● TASK TO CARRY OUT: Emit a verbatim copy of the lines below from the line with "ボリュームネックパーカー 裏起毛 カッ" through the line with "營養:經研究表明:全聚德烤鴨", excluding pictures and everything outside that range.

● ENTRIES SHOWN:
*-*-*
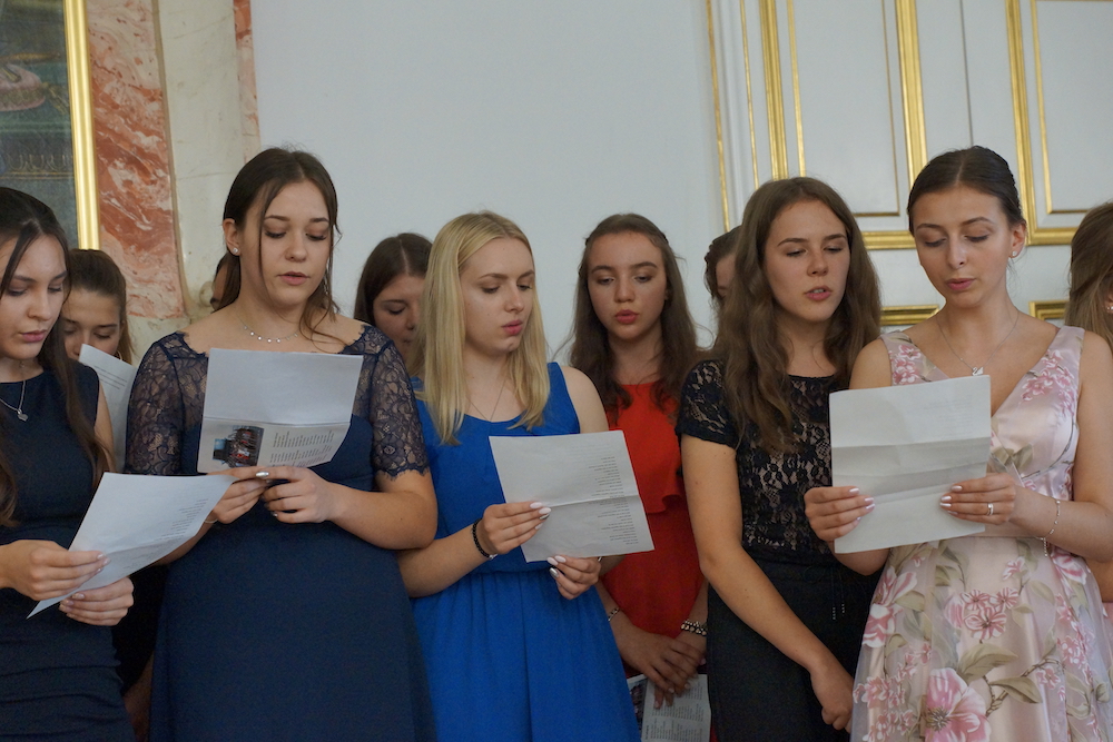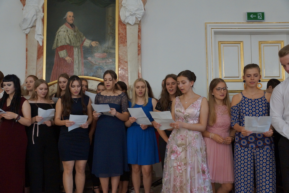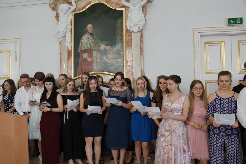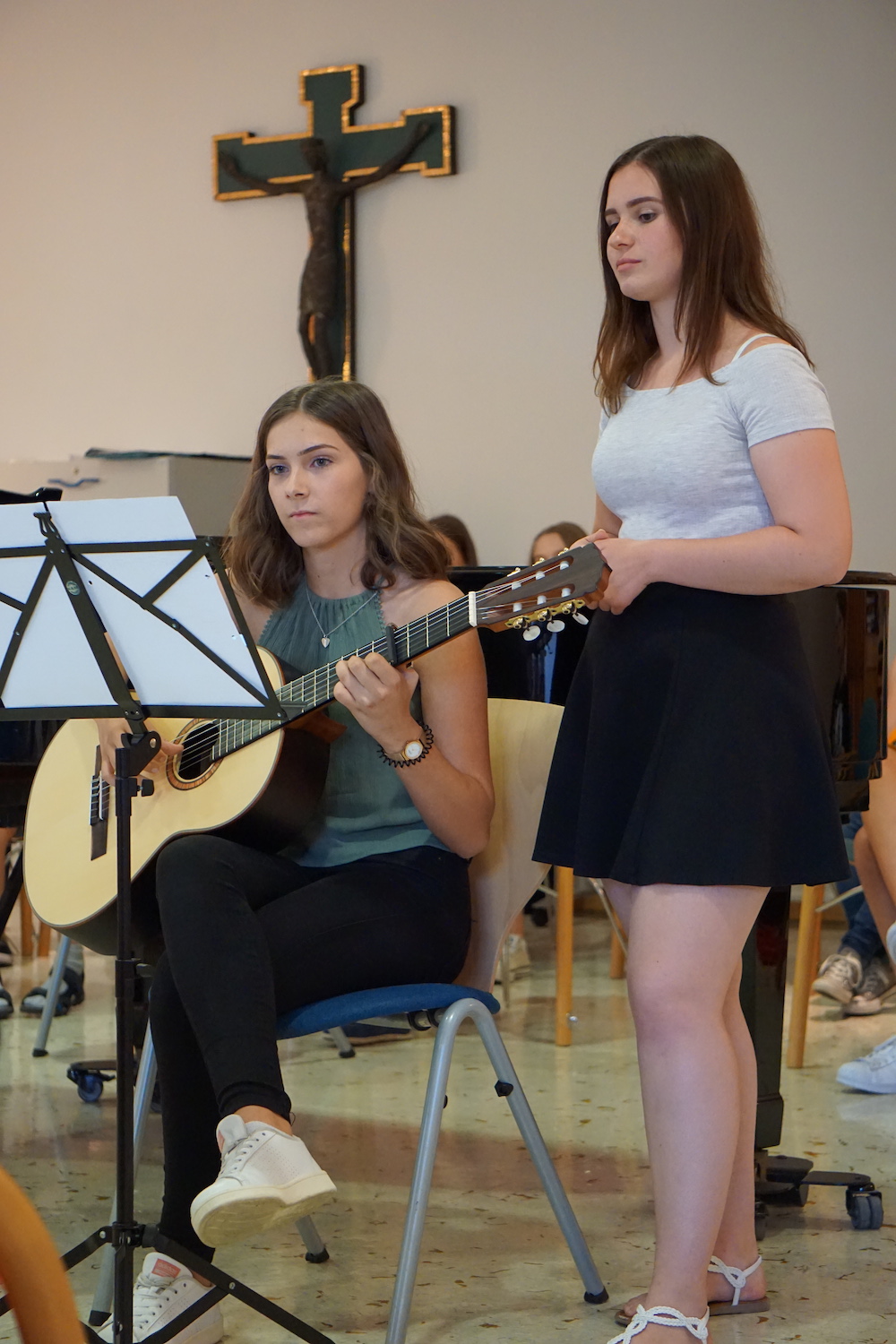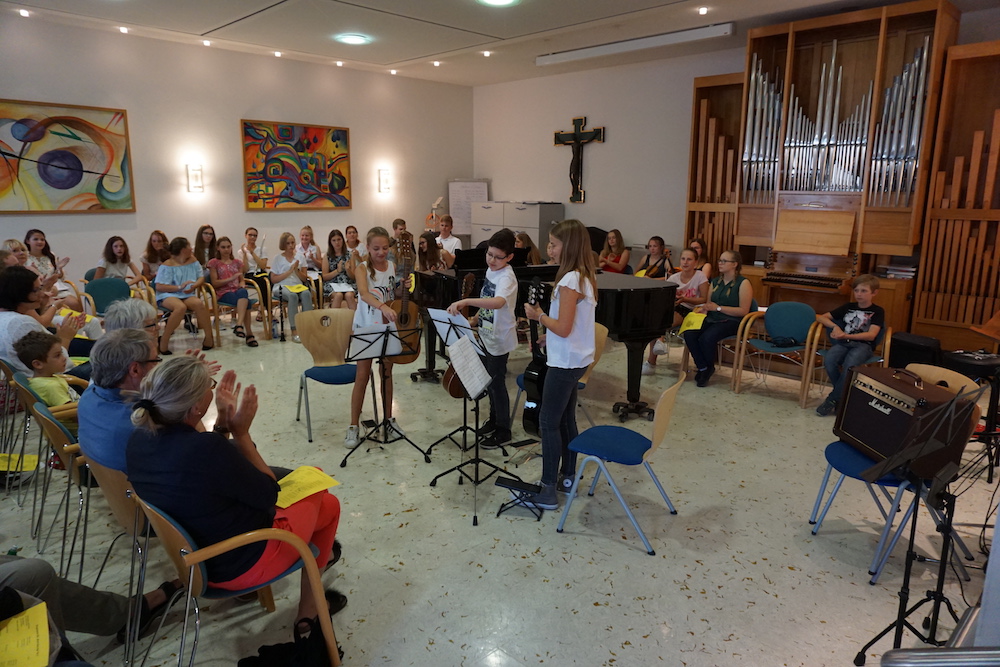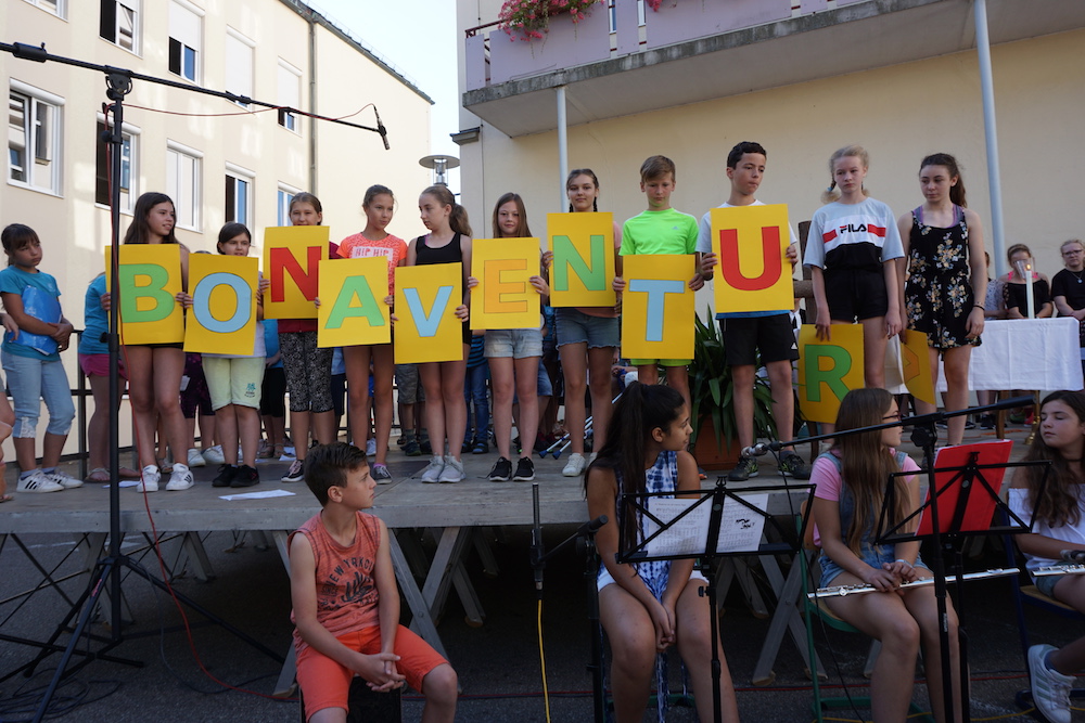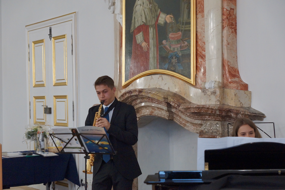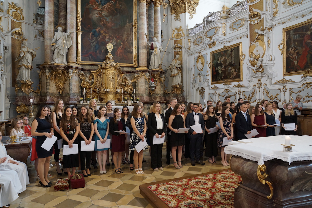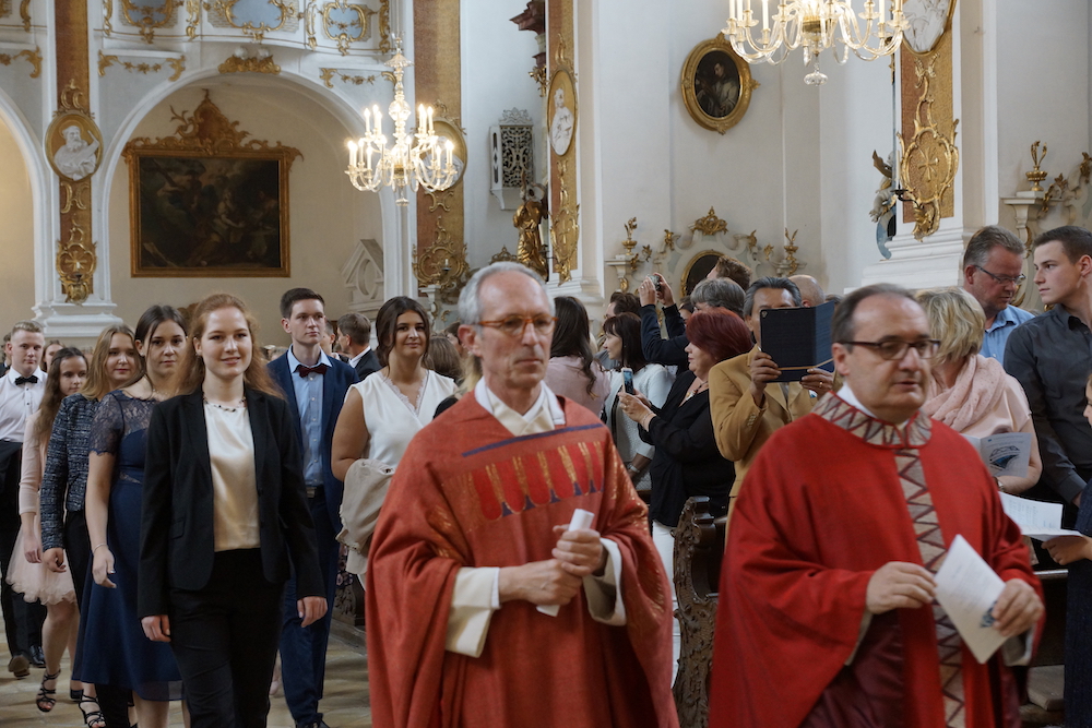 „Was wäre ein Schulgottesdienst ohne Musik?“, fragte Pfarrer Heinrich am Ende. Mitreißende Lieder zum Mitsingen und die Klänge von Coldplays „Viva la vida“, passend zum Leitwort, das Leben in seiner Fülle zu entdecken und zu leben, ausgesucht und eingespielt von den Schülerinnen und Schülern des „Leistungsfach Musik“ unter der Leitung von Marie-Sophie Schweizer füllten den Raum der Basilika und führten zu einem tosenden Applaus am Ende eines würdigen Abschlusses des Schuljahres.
*-*-*
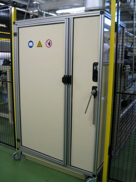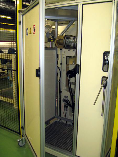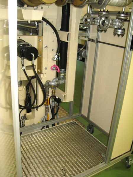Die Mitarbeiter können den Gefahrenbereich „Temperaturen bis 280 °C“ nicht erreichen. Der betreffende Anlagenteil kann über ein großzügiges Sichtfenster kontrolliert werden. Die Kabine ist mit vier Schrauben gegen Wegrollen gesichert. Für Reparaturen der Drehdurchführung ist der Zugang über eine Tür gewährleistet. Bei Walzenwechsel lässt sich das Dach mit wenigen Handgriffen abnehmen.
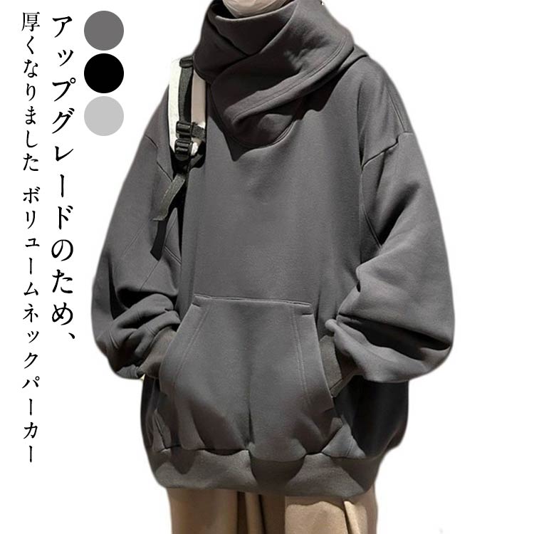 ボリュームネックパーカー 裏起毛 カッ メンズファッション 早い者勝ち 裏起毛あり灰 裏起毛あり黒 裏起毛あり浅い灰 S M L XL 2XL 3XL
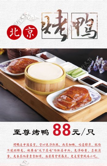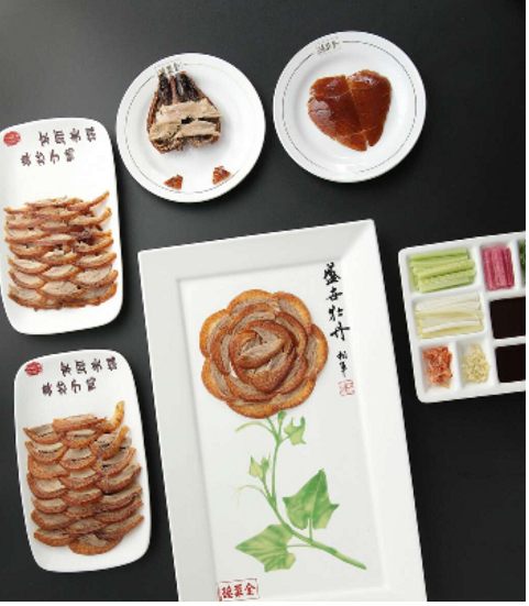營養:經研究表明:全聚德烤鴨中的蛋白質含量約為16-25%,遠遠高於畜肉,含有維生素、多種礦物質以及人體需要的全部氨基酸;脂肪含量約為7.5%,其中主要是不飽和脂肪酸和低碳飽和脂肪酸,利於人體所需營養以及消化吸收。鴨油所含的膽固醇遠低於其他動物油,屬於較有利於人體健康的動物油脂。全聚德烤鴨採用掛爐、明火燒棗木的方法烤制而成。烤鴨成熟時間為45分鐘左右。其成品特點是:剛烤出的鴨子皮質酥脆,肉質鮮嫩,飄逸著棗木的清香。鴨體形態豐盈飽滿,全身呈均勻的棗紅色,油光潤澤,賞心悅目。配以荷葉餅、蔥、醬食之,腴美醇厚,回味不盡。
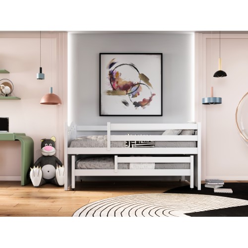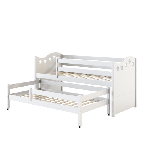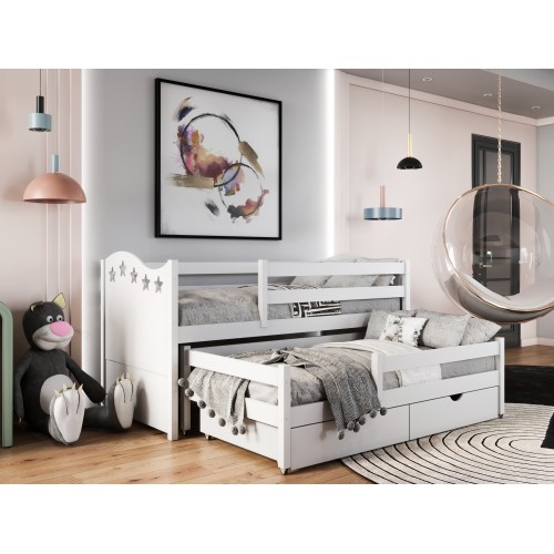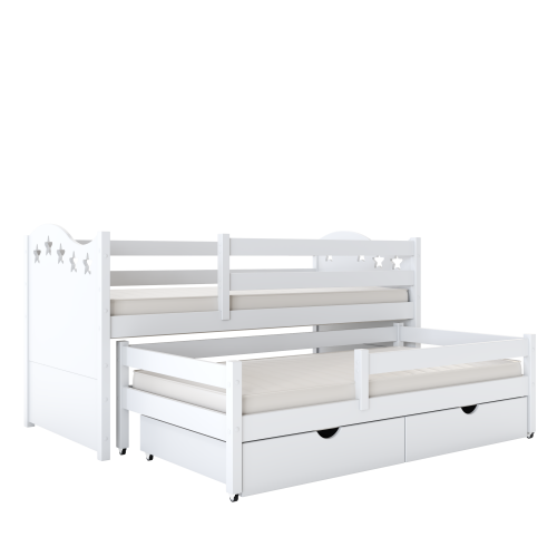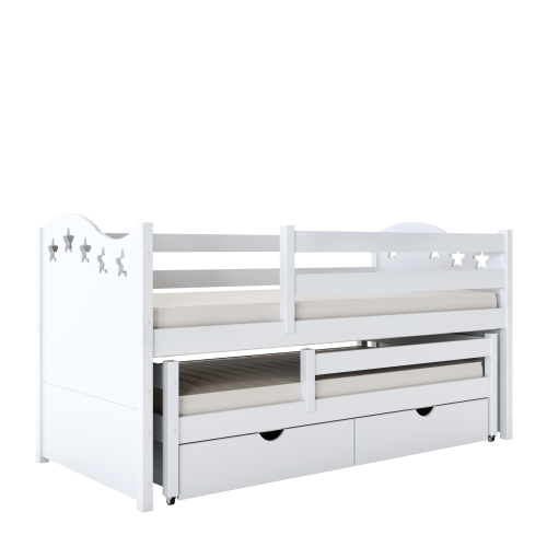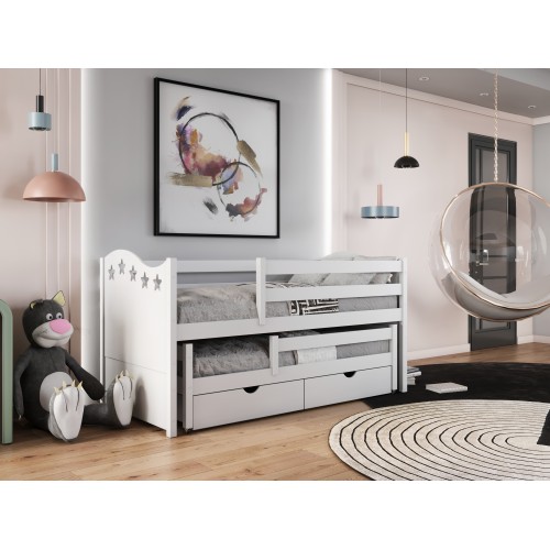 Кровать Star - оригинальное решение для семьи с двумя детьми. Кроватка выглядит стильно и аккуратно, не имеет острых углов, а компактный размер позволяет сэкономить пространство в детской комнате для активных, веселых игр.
*-*-*
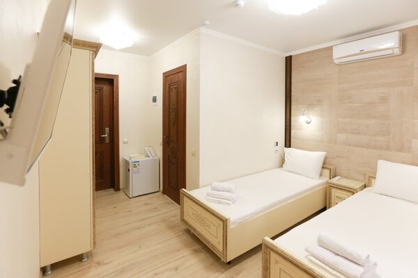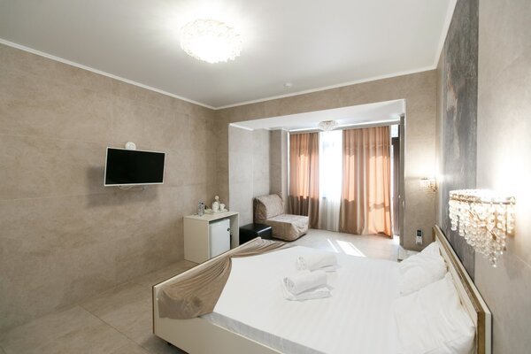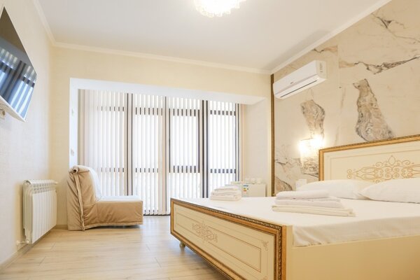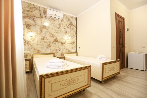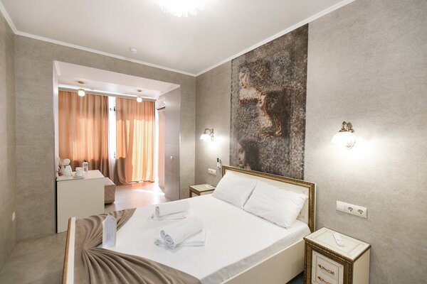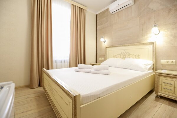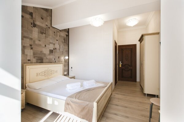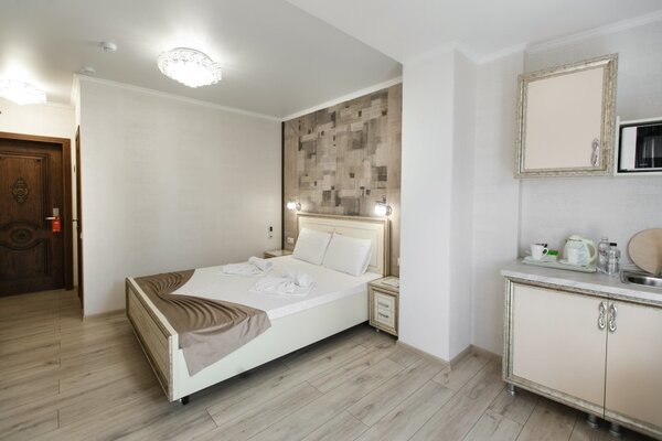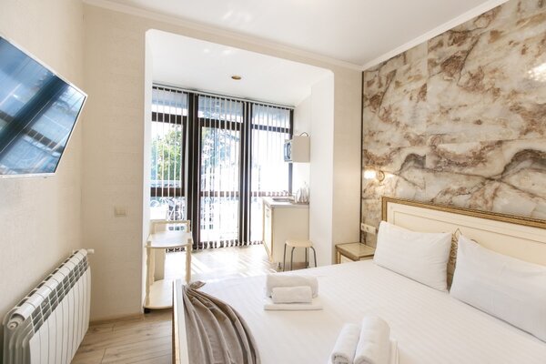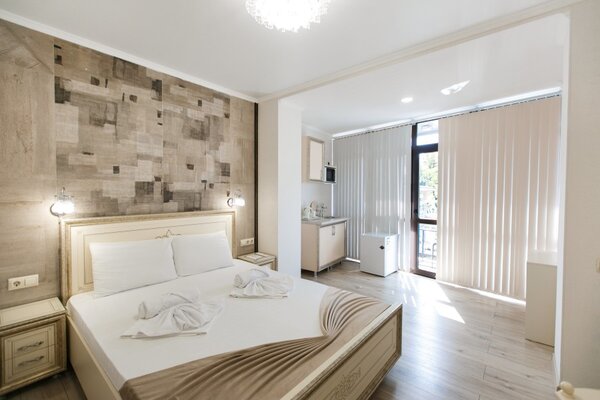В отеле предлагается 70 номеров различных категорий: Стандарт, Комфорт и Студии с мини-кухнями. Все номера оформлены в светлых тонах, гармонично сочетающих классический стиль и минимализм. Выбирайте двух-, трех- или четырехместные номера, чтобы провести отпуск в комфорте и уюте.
*-*-*
● YOUR SOLUTION:
 ボリュームネックパーカー 裏起毛 カッ メンズファッション 早い者勝ち 裏起毛あり灰 裏起毛あり黒 裏起毛あり浅い灰 S M L XL 2XL 3XL
營養:經研究表明:全聚德烤鴨中的蛋白質含量約為16-25%,遠遠高於畜肉,含有維生素、多種礦物質以及人體需要的全部氨基酸;脂肪含量約為7.5%,其中主要是不飽和脂肪酸和低碳飽和脂肪酸,利於人體所需營養以及消化吸收。鴨油所含的膽固醇遠低於其他動物油,屬於較有利於人體健康的動物油脂。全聚德烤鴨採用掛爐、明火燒棗木的方法烤制而成。烤鴨成熟時間為45分鐘左右。其成品特點是:剛烤出的鴨子皮質酥脆,肉質鮮嫩,飄逸著棗木的清香。鴨體形態豐盈飽滿,全身呈均勻的棗紅色,油光潤澤,賞心悅目。配以荷葉餅、蔥、醬食之,腴美醇厚,回味不盡。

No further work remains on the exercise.